I have had good success with Mucuna Pruriens in just a week of use, much greater than the multiple months of attempting to raise dopamine with similar aminos: dlpa, l-phena, l-tyro, nalt, for whatever reason all of those would always give me an uncomfortable adrenaline surge followed by 'wired but tired' for hours - hardly felt any of the happy / warm / stability of dopamine from those. With Mucuna I feel the lowered seratonin, calm cool happy energy, if I take a huge amount then I start to feel the norepinephrine overload. I think it pairs very well with L-Lysine, and a meal of mainly carbs and fat. I don't feel as much from it if I take it around other proteins. Pairing with DLPA also only brought out more of the adrenaline effects, seemed to be counterproductive. I think Mucuna gets a bit of a bad wrap because people confuse it with pure L-Dopa.
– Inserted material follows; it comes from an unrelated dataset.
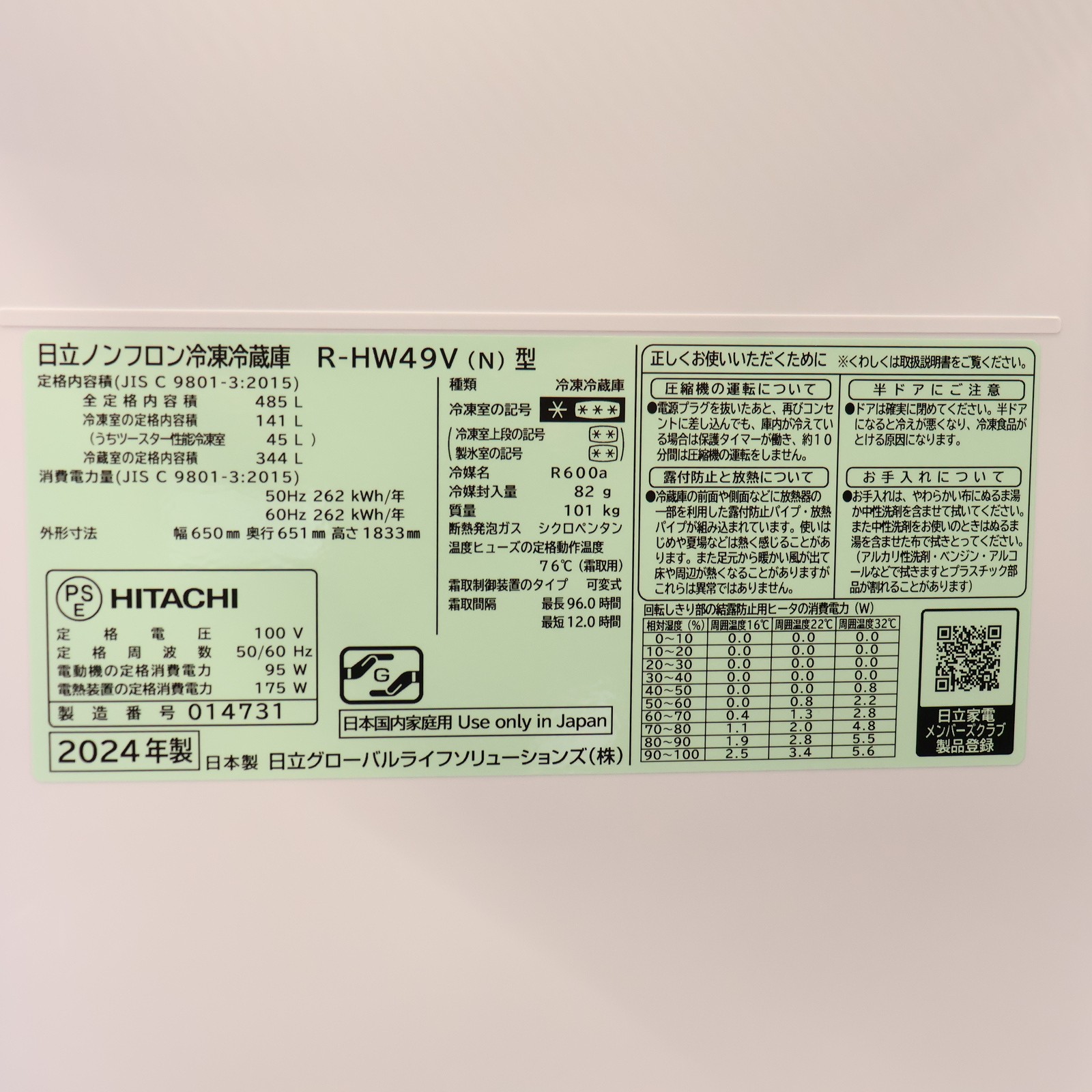 ▼同型番の新品商品はこちら![]() HITACHI(日立) 冷蔵庫 HWタイプ ライトゴールド R-HW49V-N [幅65cm /485L /6ドア /観音開きタイプ /2024年] ¥248,000(税込) 24,800ポイントサービス 在庫限り |

I put it off for a very long time because it seemed like it was a sketchier version of tyrosine, I regret having done that now, it agrees with me a lot better - the only effects I ever felt from tyrosine were rage and wired/tired.

Which Mucuna did you use?

 

[Lokzo]

I had 300mg of L-Phenylalanine this morning, after 1mg of cypro last night.

Felt literally euphoric and was enjoying and FEELING music so much!!

L-Phenylalanine definitely suppresses appetite though.